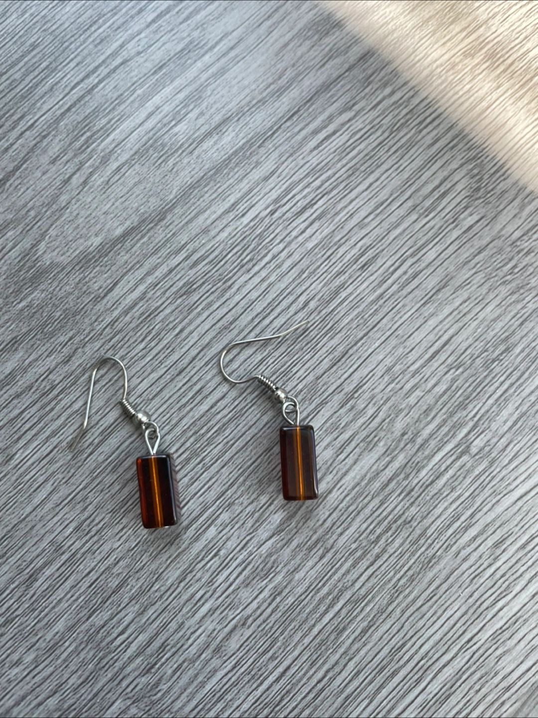 These are a pair of dangle earrings. They feature a silver hook and a small brown rectangle. They would be a great addition to your jewelry collection!
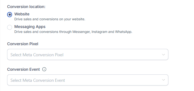 Select your conversion pixel, event(e.g., Purchase, Lead, Add to Cart) and define the Website URL or select the Messaging App for Website and Messaging Apps conversion location respectively.
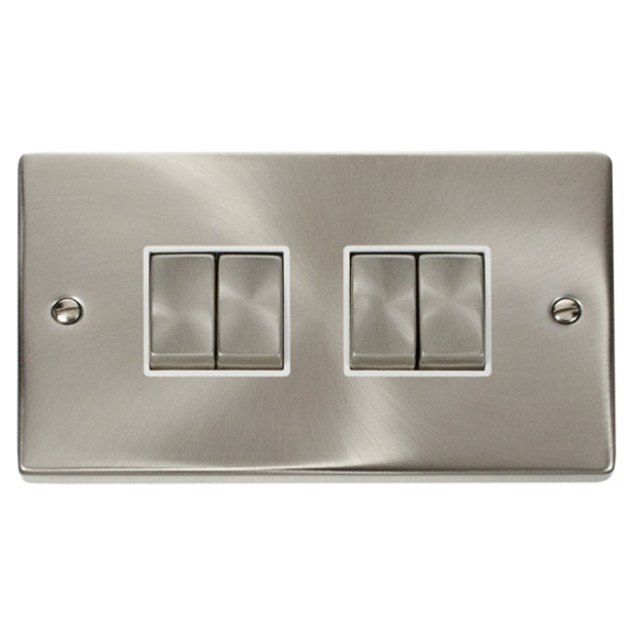 Click VPSC414WH 4G 2Way 10AX Plate Switch - Satin Chrome White Insert
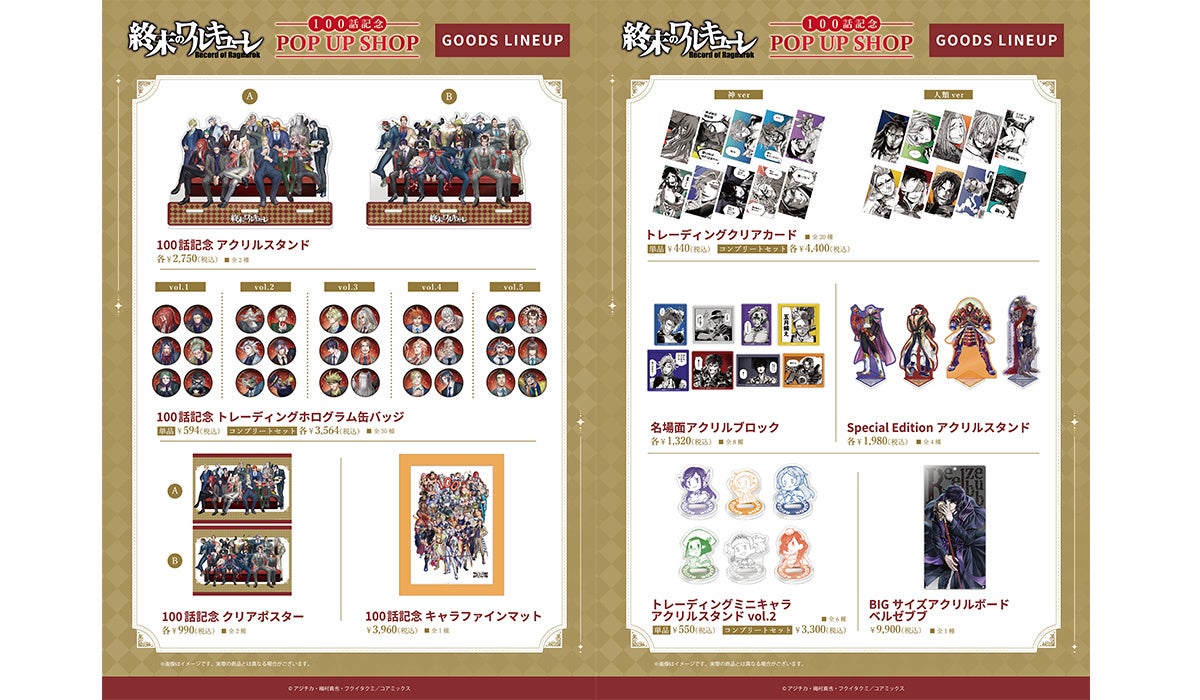 <『終末のワルキューレ』100話記念 POP UP SHOP 商品一覧>
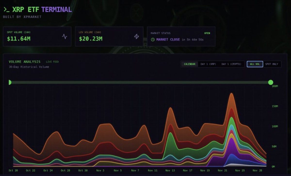 XRP交易所交易基金(ETF)交易活动出现大幅飙升!12月1日开盘时,这些ETF的现货交易量达到1160万美元。这一早期交易高峰表明投资者对新推出的XRP投资产品兴趣日益浓厚,市场势头强劲。
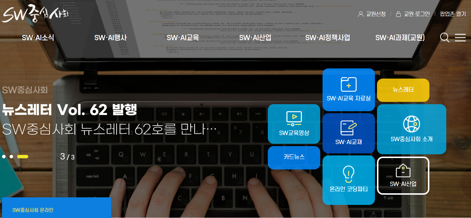 SW중심사회는 교육부, 과학기술정보통신부에서 운영하는 SW/AI 교육 사이트입니다.
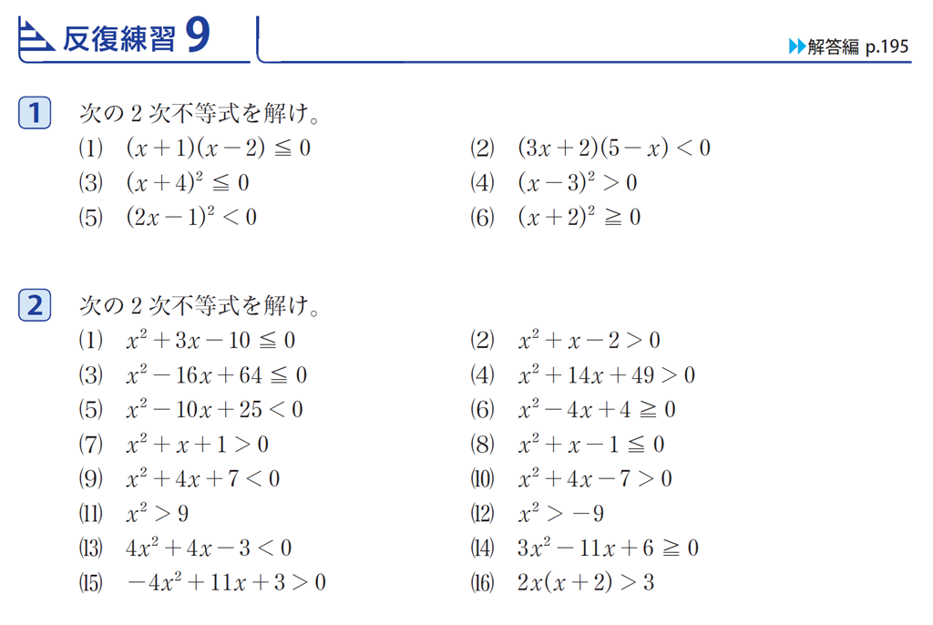 さらに 2では,因数分解を利用/解の公式を利用,移項が必要なもの,4種類の不等号,グラフが下に凸/上に凸,グラフと \(x\) 軸の共有点の個数が2個/1個/0個と,様々な型を網羅しています。また,(7)と(8),(9)と(10),(11)と(12)は似た問題を左右に並べており,不等号や符号の違いで結果が大きく変わることが実感できます。
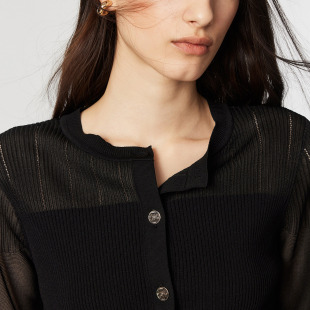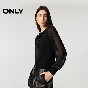 新款 针织衫 短款 长袖 上衣女 收腰拼接微透设计圆领开衫 ONLY2026春季
***
== Work to complete ==
Reproduce word for word, with pictures dropped, only the part of the material above that opens with the line containing "Select your conversion" and closes with the line containing "SW중심사회는 교육부, 과학기술정보통신부에서".

== Task output ==
 Select your conversion pixel, event(e.g., Purchase, Lead, Add to Cart) and define the Website URL or select the Messaging App for Website and Messaging Apps conversion location respectively.
 Click VPSC414WH 4G 2Way 10AX Plate Switch - Satin Chrome White Insert
 <『終末のワルキューレ』100話記念 POP UP SHOP 商品一覧>
 XRP交易所交易基金(ETF)交易活动出现大幅飙升!12月1日开盘时,这些ETF的现货交易量达到1160万美元。这一早期交易高峰表明投资者对新推出的XRP投资产品兴趣日益浓厚,市场势头强劲。
 SW중심사회는 교육부, 과학기술정보통신부에서 운영하는 SW/AI 교육 사이트입니다.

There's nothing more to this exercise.